AtHUB2 is a functional E3 ligase. (a) Yeast two‐hybrid (Y2H) assays. GhH2B1‐pGADT7 was transformed into yeast cells with either the pGBKT7 vector alone (BDB) or AtHUB2‐pGBKT7, and growth was monitored on selective medium plates. (b) Pull‐down assay. GST‐HUB2 and GST alone were incubated with GhH2B1‐His. And detected with an anti‐GST antibody and anti‐His antibody. (c) Split‐luciferase assay. GhH2B1‐LUC ⁿ and LUC ^c‐AtHUB2 co‐injection tobacco. The combinations of LUC ⁿ and LUC ^c, LUC ⁿ and LUC ^c‐ AtHUB2, and GhH2B1‐LUC ⁿ and LUC ^c were used as negative controls. (d) AtHUB2 possesses E3 ubiquitin ligase activity in vitro.

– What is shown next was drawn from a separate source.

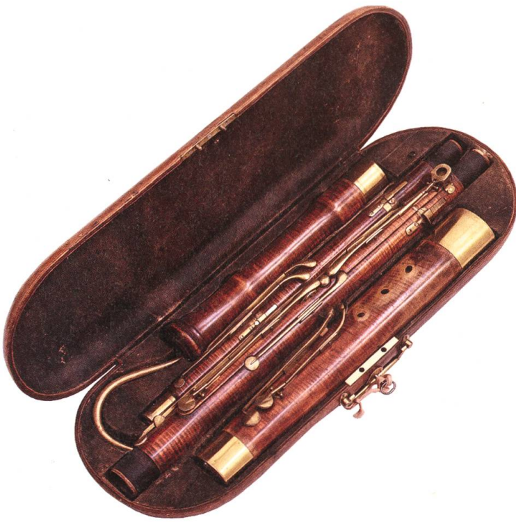
Fagott von Savary le jeune, Paris, datiert 1825, im Originalkoffer. Das Instrument erhielt Burri vom Musikalienhändler Krompholz, dessen Urgrossvater nicht nur das Geschäft in Bern gegründet, sondern im Berner Stadtorchester dieses Fagott gespielt hatte.

höchst innovatives Segment. Viele Musikerinnen und Musiker lernen historische Formen ihres Instruments zu spielen, Pianisten befassen sich mit dem Hammerflügel, Streicherinnen spielen wieder auf Darmsaiten und mit historischen Bögen und Paukisten mit originalen Fellen und Schlägeln.

GST‐AtHUB2 and the point mutant GST‐HUB2 ^C346A/H348 were tested for E3 ubiquitin ligase activity. Anti‐Ub and anti‐GST antibodies were used to detect ubiquitinated proteins and GST‐AtHUB2 variants respectively. The asterisk indicates the polyubiquitinated proteins. (e) Global histone modification in the control (CCRI24) and transgenic lines. H2B monoubiquitination was detected with an anti‐H2Bub1 antibody, and H3 was used as a loading control. ImageJ software was used to analyse the greyscale value of each band. Vertical bars represent SD (**P < 0.01). (f) Detection of H3K4 methylation on a global scale in the control (CCRI24) and transgenic lines. And an anti‐H3K4me2 and anti‐H3K4me3 antibodies were used to detect target band, respectively. H3K9me2 and H3K9me3 were used as unchanged controls, and H3 was used as a loading control. The number below the lane indicates the greyscale value of each band.

Figure 7

Detection of global histone H2Bub1 and H3K4me3 levels at the GhDREB chromatin locus. (a) Schematic diagram of the GhDREB gene. The exons are shown in boxes, and the indicated PCR fragments analysed in the ChIP assay are indicated with short black lines. P1: 2000 bp upstream of the ATG; P2: promoter region; P3: transcription start site (TSS) region; P4: gene body region. (b) H2Bub1 at the GhDREB locus in the CCRI24 and transgenic lines. Immunoprecipitated DNA was analysed via RT‐qPCR, and enrichment was determined as a percentage of the input. (c) H3K4me3 at the GhDREB locus in the CCRI24 and transgenic lines. (d) The GhUBI gene was selected as a housekeeping gene that was not differentially expressed in the transgenic lines. (e) Expression of GhDREB at different time points of air drought treatment in control and AtHUB2‐overexpressing lines. Real‐time RT‐qPCR quantification was normalized to the expression of GhUBI . Vertical bars represent SD. (*P < 0.05, **P < 0.01, ***P < 0.001).